Reflective Blog 2
Reflective Blog 2
Dylan Staveley-Watson
Cadastral Surveying is the specialty of establishing and
re-establishing property boundaries. A Cadastral Surveyor will attempt to create
and re-create boundaries in a way that is acceptable by the laws and will
establish these boundaries by creating legal documents, plans of survey and placing physical monuments
in the ground. It is important that the surveyor strictly follows these laws in
the chance that a legal dispute was to occur between adjacent land owners. If the
case were to be brought to civil court the surveyors job is to act as non partial interpretation
to give a professional opinion of where the boundary may be and his/her
practices may be called to question.
There are many different types of boundaries within Canadian
law: Parcels, Jurisdictions, Zones, Administrative Areas and Indigenous Areas.
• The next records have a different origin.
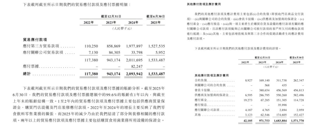 一般情况下,贸易商付款可被视作对供应商的应付、未付款项;其他应付款项则来自对加盟商的预收货款、会员卡结余及加盟保证金等。以此计算,万辰集团对供应商的“欠款”负债占总负债的29.9%;对下游加盟商的“押款”导致的负债则为30.7%。
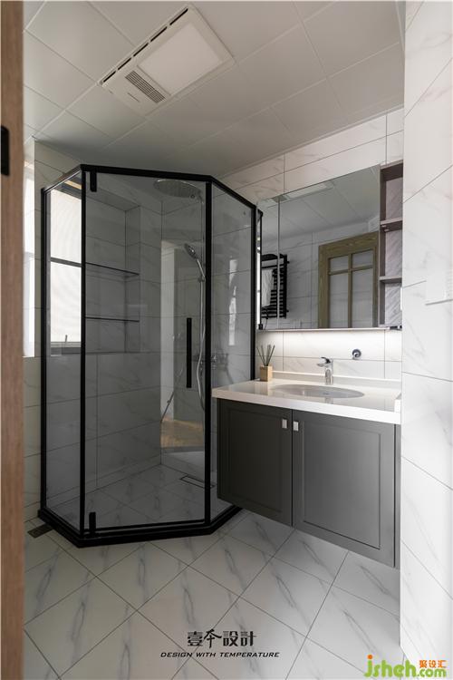 衛(wèi)生間我們延續(xù)簡(jiǎn)約風(fēng)格,整面的鏡柜,空間顯得更大,簡(jiǎn)易的干濕分離,保證衛(wèi)生間通透整潔。
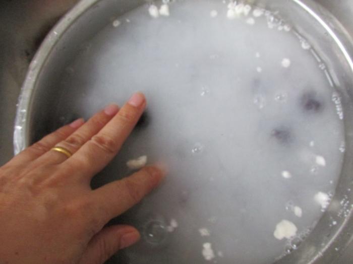 可以清晰的看到表面漂著很多的雜質,這時就可以進行沖洗。浸泡的時間不要太長,太長了反而不好。
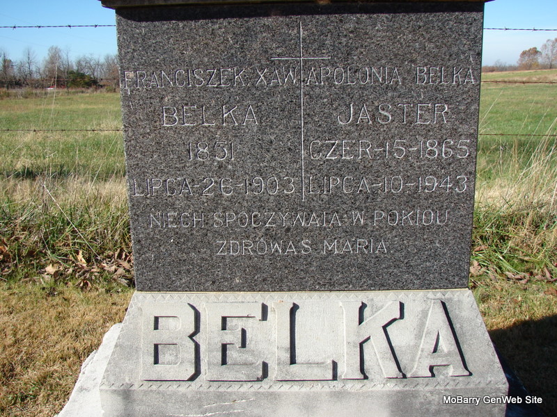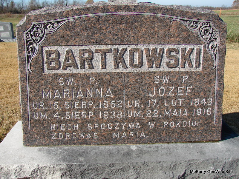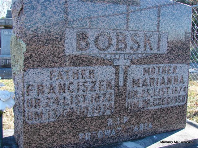 SSW: Franciszek - Research Note: The stone has information but is written in German. She was indexed as Mary on the death certificate site on Missouri Archives. Mary Bobski (Zerniski) and was born Nov. 25, 1874 born Poland and died June 26, 1950 in Pioneer Twp., Barry Co., MO. She had been widowed twice and was a daughter of John Zerniski. Her mother's maiden name was unknown. Her husband was Frank Bobski and Edward Bobski of Monett, MO was the informant. - Notes for Marianna Bobski | Death Certificate Census Notes Phyllis Long Dates from Book-Past & Present Frank Hatton Photo Jim Pierce |
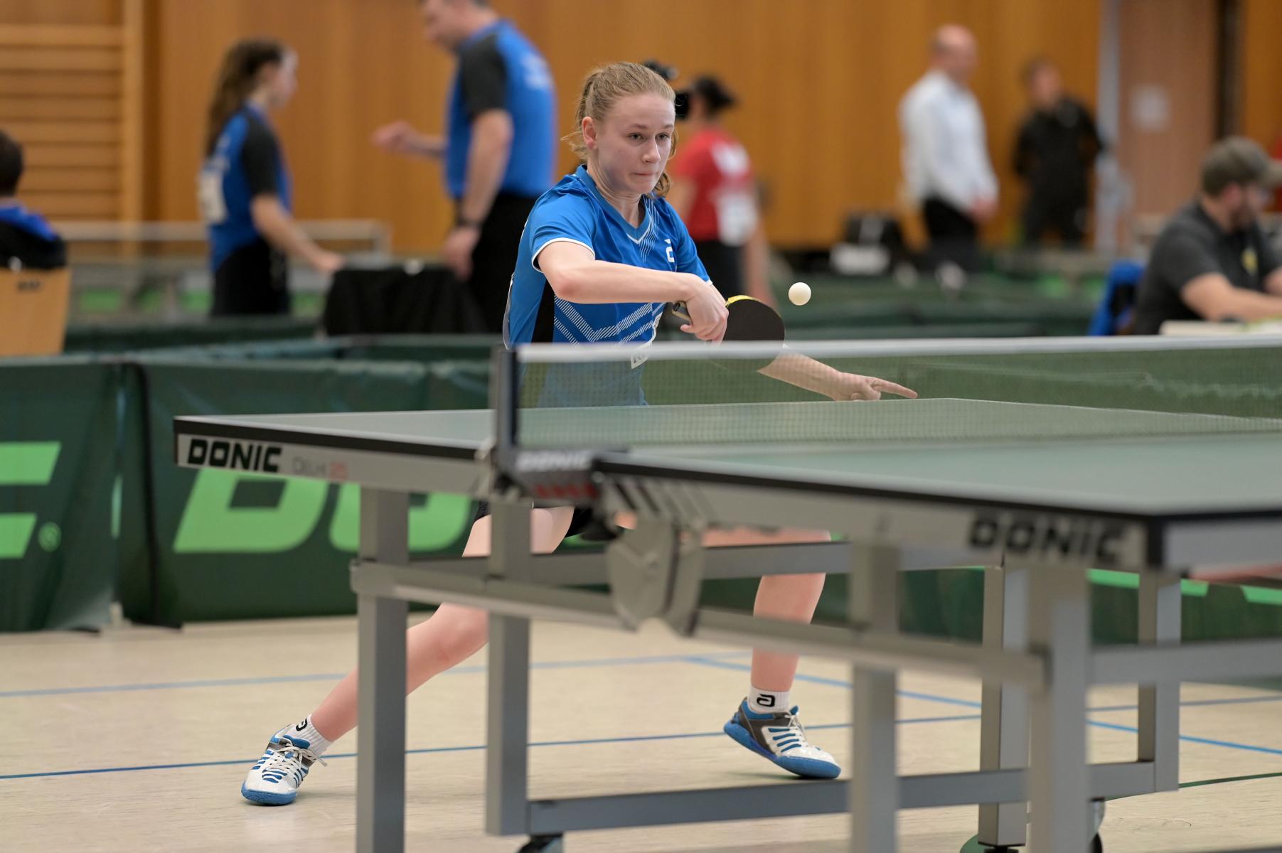 Eireen Kalaitzidou nahm die Favoritenrolle an. War sie doch beim DTTB TOP 24 Ranglistenturnier noch mit Bronze nach Düsseldorf zurückgekehrt, so war es am Sonntagnachmittag die Goldmedaille, die ihr als verdienten Lohn für ihre hervorragenden Leistungen an den Turniertagen überreicht wurde. Zum Schluss standen neun Siege und eine Niederlage auf dem Zettel. Entsprechend groß war ihre Freude bei der Siegerehrung.

A Cadastral Surveyor may be called to establish, re-establish or delineate any of
these boundary types. In particular when a surveyor is asked to Subdivide Parcels
of land or create a boundary, legal and physical actions must take place in
order to complete the survey.
This process begins
when a land owner wants to create a boundary and goes to a professional land surveyor
to carry out the legal and physical actions required to complete the subdivision
of land. Upon deciding where the
boundary of the subdivided land will be, the surveyor can then create an application
document for the application of a severance. Once presented to the municipality committee of adjustment, the application has to be approved in order for the process
to continue. It must meet all the laws within that municipality in
order to get approved by the committee of adjustment. During this process there
is also a public hearing that will include the neighbors and citizens opinion
who have an interest in that property.
Here is an example of the application that
must be filled out in order to have a severance approved. http://www.hastingscounty.com
The Delineation process represents the boundary spatially,
using distances, directions and area between adjacent property boundaries to
describe the piece of land being surveyed on a legal survey plan. These plans
must be created by a licensed professional land surveyor. In most cases this
requires the surveyor to retrace the existing boundaries in order to establish
the boundary of the subdivided land within the existing parcel of land. This retracement requires the physical location
of the existing property markers in order to create a new plan of survey. The hierarchy
of evidence is taken into consideration when retracing existing property
boundaries, some evidence is considered to have more weight then other evidence
in the decision of delineating where the existing property boundary is.
Example of evidence:
Stone Monument
Cut Cross
Once the retracement process is completed the Demarcation of
the severed parcel of land may commence. This is done after the Professional Land
Surveyor has confirmed the location of the original boundaries of the parcel
and the application for the severance have been approved. These boundaries may be established by placing
physical monuments in the ground in order to determine the extent of the property.
Placement of a Standard Short Iron Bar (SSIB)
SSIB
Establishing existing boundaries and creating new boundaries
requires the surveyor to follow and complete the legal applications, compare
physical evidence found in the field with previous recorded measurements on other
plans and create a legal plan of survey with descriptions, measurements bearings.